И что это за «мадам»? Из каких дореволюционных клоповников они выкопали это обращение? И если уж на то пошло, я – мадмуазель…
Полночи я ворочалась на широкой и явно дорогущей ортопедической кровати, в уютной гостевой спальне, которую мне выделили. Чувствовала себя отвратительно, хотя, вроде бы и радоваться надо было, что сплю в отдельной комнате, и никто не вколачивает меня мордой в подушку.

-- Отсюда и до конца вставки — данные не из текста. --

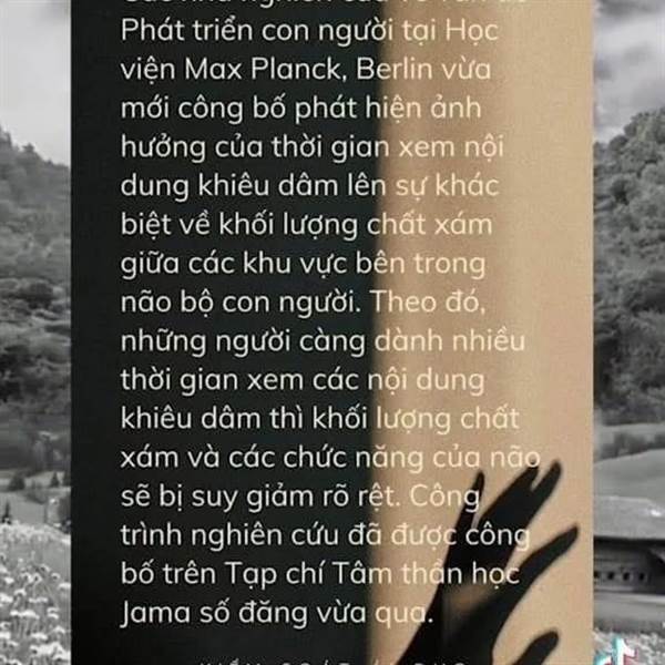 Các nhà nghiên cứu về vấn để Phát triển con người tại Học viện Max Planck, Berlin vừa mới công bố phát hiện ảnh hưởng của thời gian xem nội dung khiêu dâm lên sự khác biệt về khối lượng chất xám giữa c...Thêm
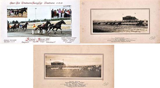 THREE PHOTOGRAPHS OF FINISHES OF VICTORIAN TROTTING RACES
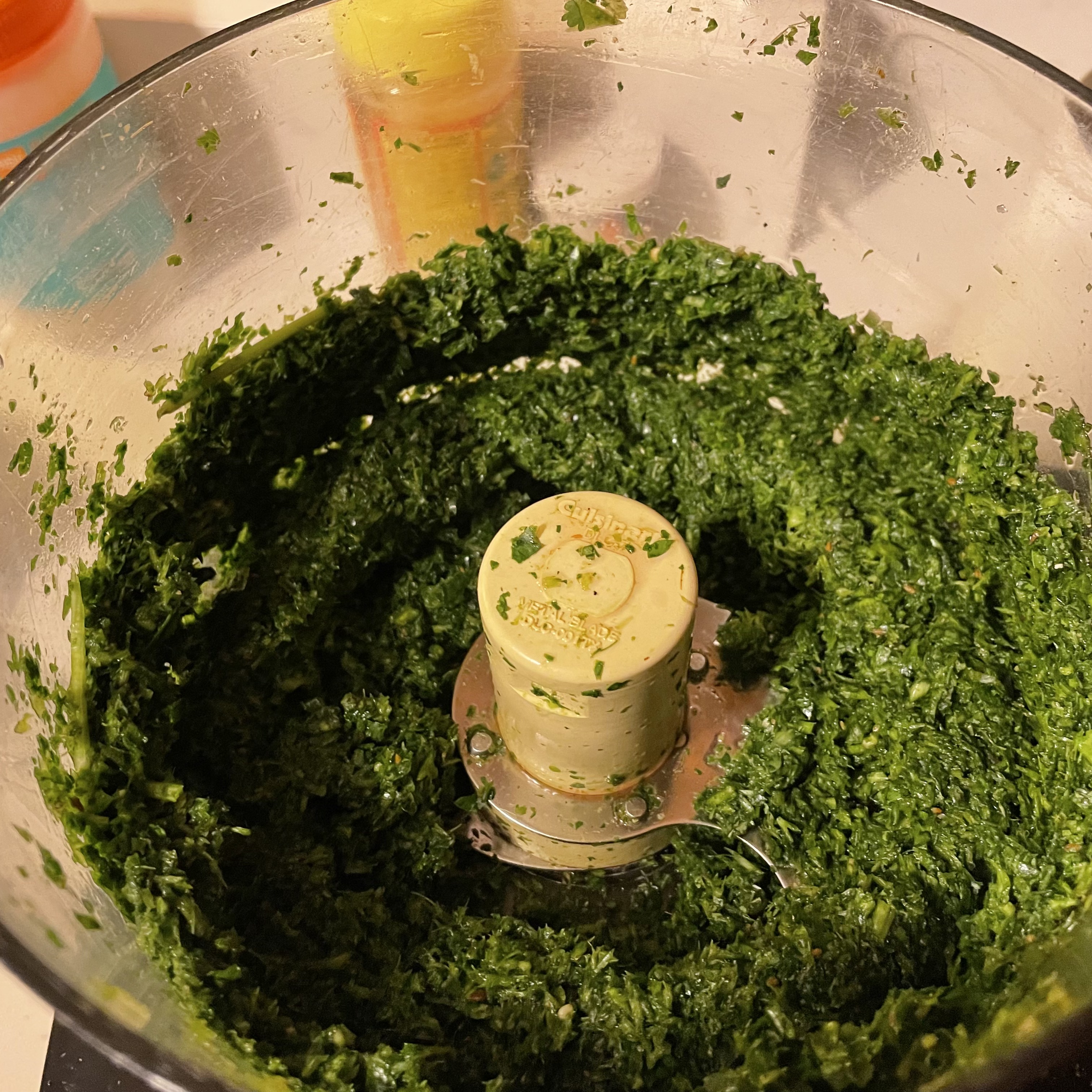 The sauce comes together in layers – first you chop the peppers and garlic, then add the cilantro and parsley and let that get all chopped up, then add the lemon and spices. This all gets finished off with olive oil, and then, since we want this to be a dip, some avocado. I later thinned this out with a few spoonfuls of greek yogurt to balance out the avocado with some extra “tang”.
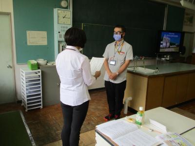最後に職員の方から「無駄な物は買ったり、食べ残したりしない」ことや「牛乳パック6つでトイレットペーパー1個分になるので、ごみは分別する」ことなどの話しをしていただきました。また、クリアファイルや鉛筆、缶バッチなどのお土産をいただき、子どもたちは喜んでいました。ありがとうございました。
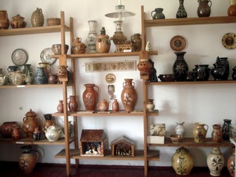 Garncarstwo- jedna z najstarszych dziedzin rzemiosła ludowego Kaszub. Jego wytwory ceramika kaszubska posiada wielowiekowe tradycje. Na ekspozycji przedstawiono gotowe już wytwory ceramiczne w postaci kafli piecowych, wazonów i wyrobów ceramicznych z warsztatu znanych na Kaszubach rodzin Meissnerów, Neclów i Kaźmierczaków. Prezentowane na wystawie wytwory ceramiki kaszubskiej charakteryzują się specyficznymi motywami w postaci gwiazdy kaszubskiej, rybiej łuski względnie tulipana, uzupełniane następnie liniami falistymi lub kropkami.
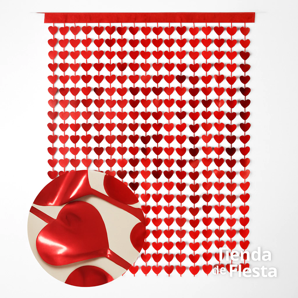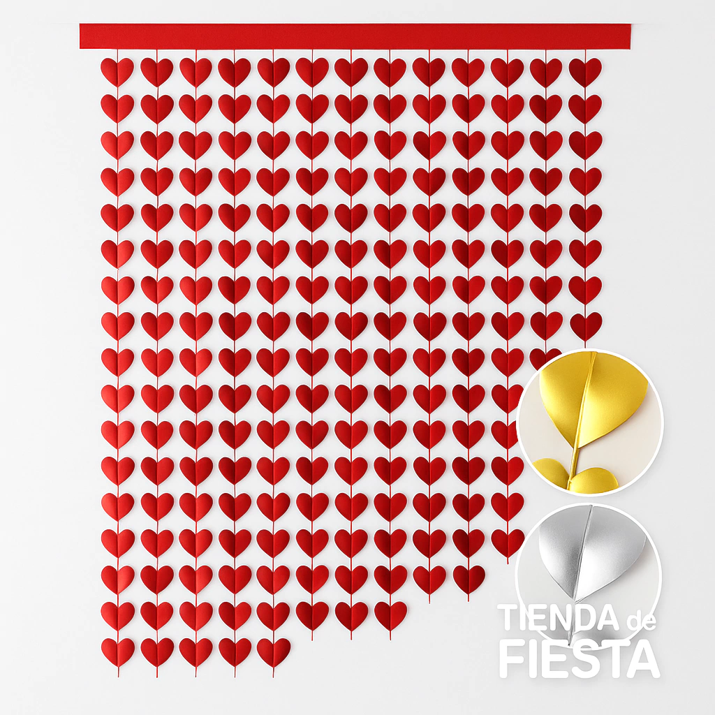 La Cortina "Corazones" mide 1 metro de ancho por 2 metros de largo, ideal para decorar tus espacios con un toque especial.
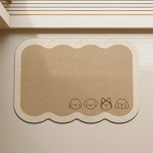 可爱小狗吸水地垫浴室卫生间简约防滑垫子异形卡通亚麻硅藻泥地毯
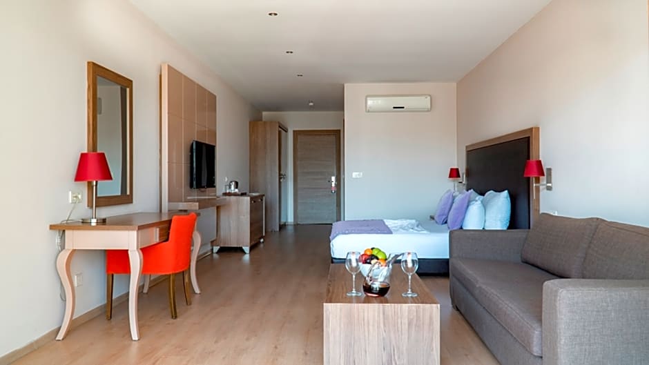 PENTHOUSE SUNSET is 1130 square feet and includes either a king-size bed 150-183 width or 2 single beds 80-130 width plus living room, balcony, extra beds on demand, satellite tv , cable tv, hairdryer, tea and coffee making facilities , ironing set, safe, and slippers and is Wheelchair-accessible.
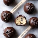 - Assemble the Truffles: Remove a few dough balls from the freezer at a time. Insert a half popsicle stick into each ball. Dip the truffle into the melted candy coating, allowing any excess to drip back into the bowl. Optionally, add small sprinkles on top while the coating is still wet.
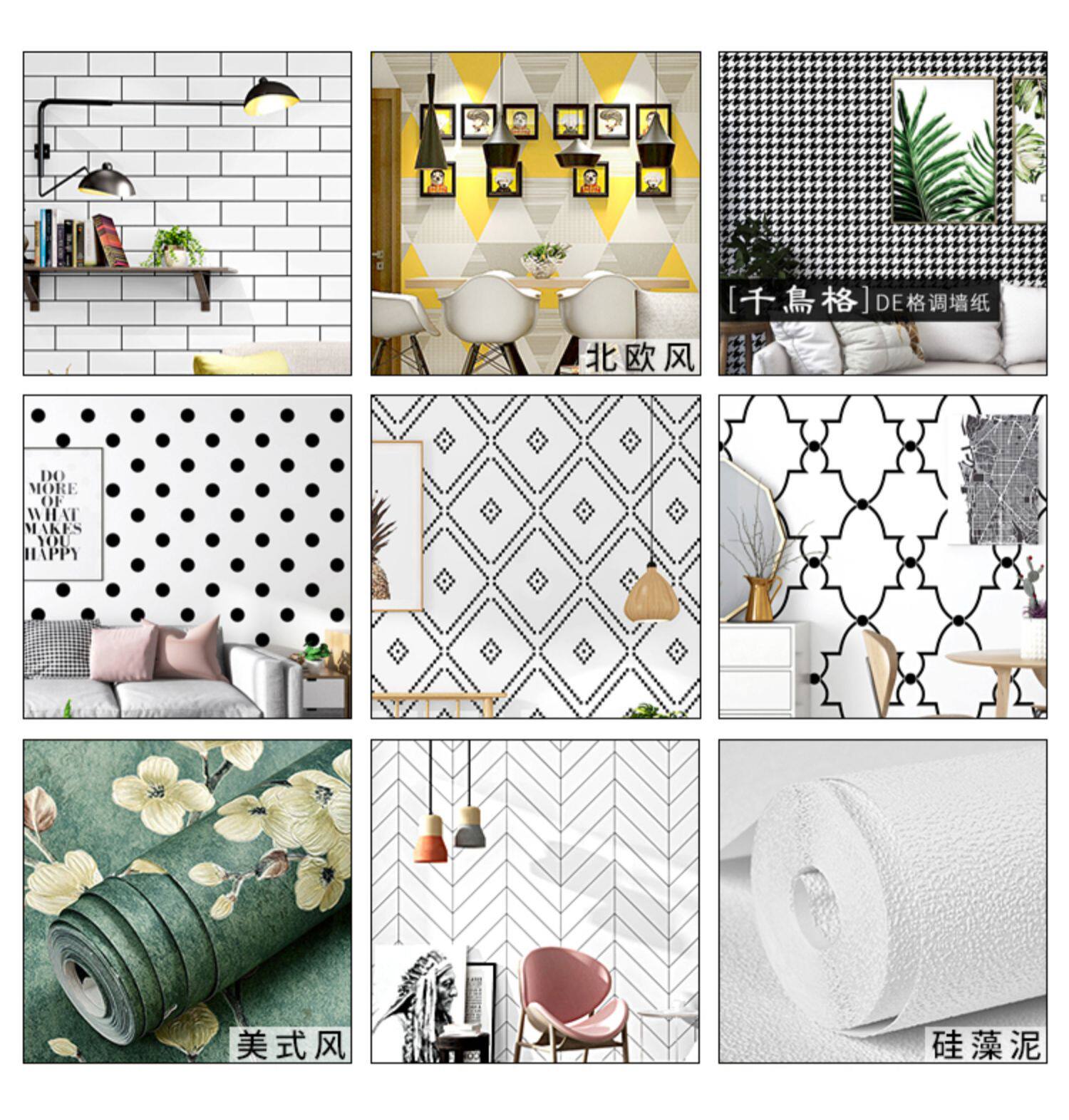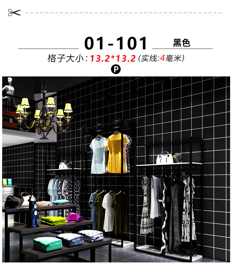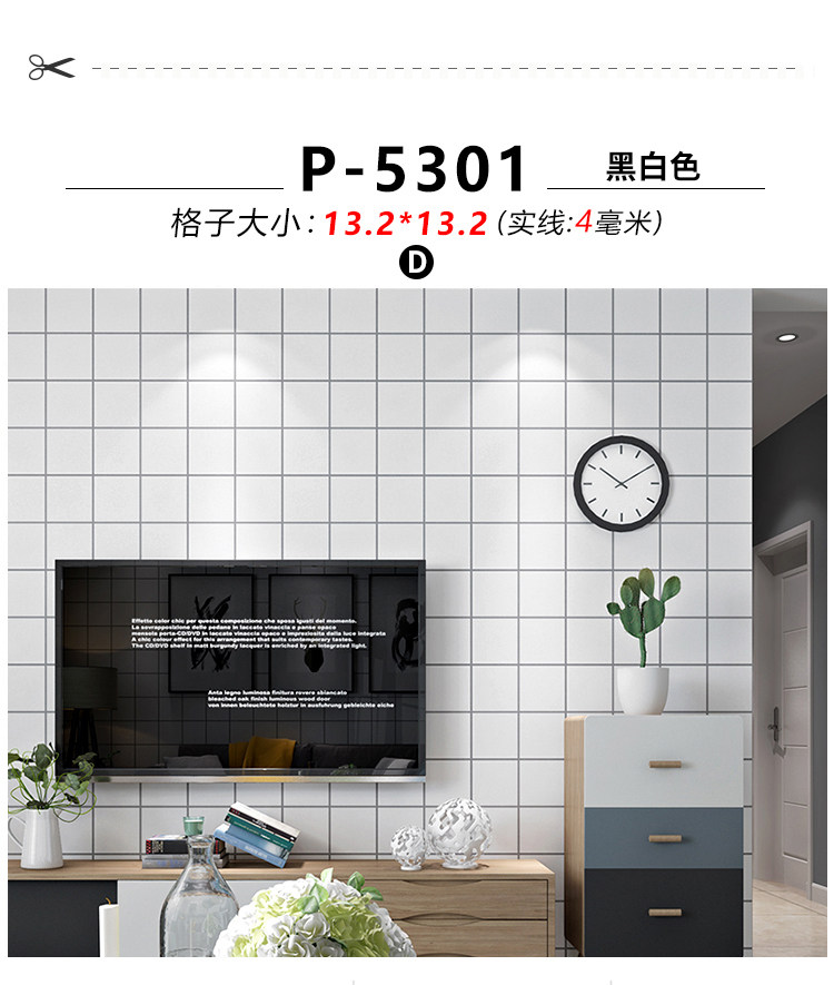 Черно -белая квадратная сетка обои не -адгезивные северные женские одежды молоко -чай магазин сетевая сеть красные фоновые обои

Где-то в три часа ночи я все же умудрилась заснуть и погрузилась в ужасно пошлый и сладострастный сон, в котором господин ректор выговаривал мне за какое-то нарушение, без всякого стыда разгуливая передо мной по своему кабинету голышом. Еще и прикасался ко мне – специально и ненароком, пока я не готова была завыть от нетерпения! А потом вдруг оказалось, что голый вовсе не он, а я! Вот позорище-то!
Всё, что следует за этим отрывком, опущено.